*Problem to solve:*
What is needed is an exact copy of the lines in the entries below from the one holding "UMS clock tower." through the one holding "1 lb. Light", pictures excluded.

*Records to process:*
# # # # #
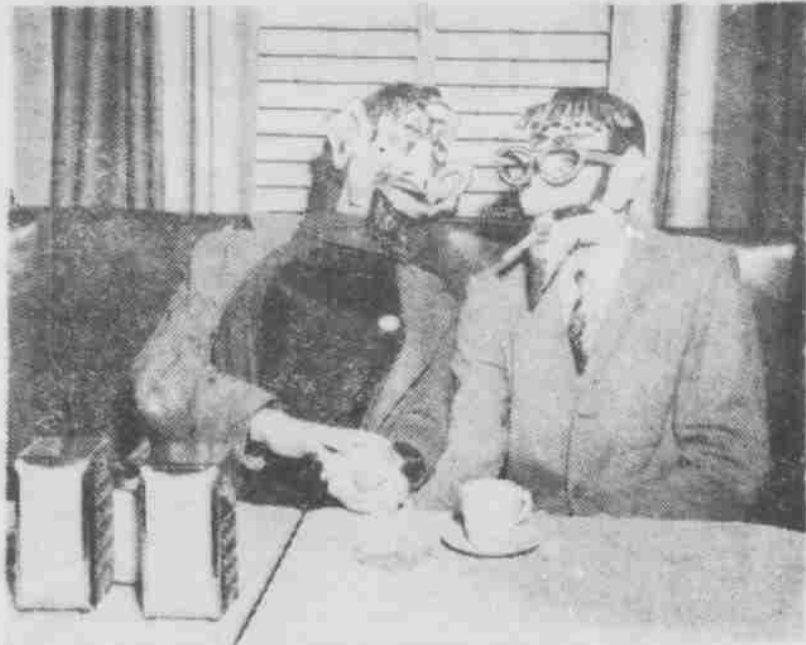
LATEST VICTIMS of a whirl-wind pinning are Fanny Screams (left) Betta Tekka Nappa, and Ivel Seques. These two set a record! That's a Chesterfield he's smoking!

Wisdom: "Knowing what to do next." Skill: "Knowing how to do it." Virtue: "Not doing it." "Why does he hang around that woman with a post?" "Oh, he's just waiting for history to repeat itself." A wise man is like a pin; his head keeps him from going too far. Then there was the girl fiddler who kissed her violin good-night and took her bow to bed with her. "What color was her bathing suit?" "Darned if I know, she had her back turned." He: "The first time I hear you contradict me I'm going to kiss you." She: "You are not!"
# # # # #
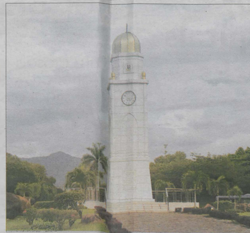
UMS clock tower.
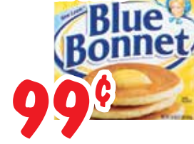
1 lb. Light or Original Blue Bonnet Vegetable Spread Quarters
# # # # #
*Reply:*
UMS clock tower.
1 lb. Light or Original Blue Bonnet Vegetable Spread Quarters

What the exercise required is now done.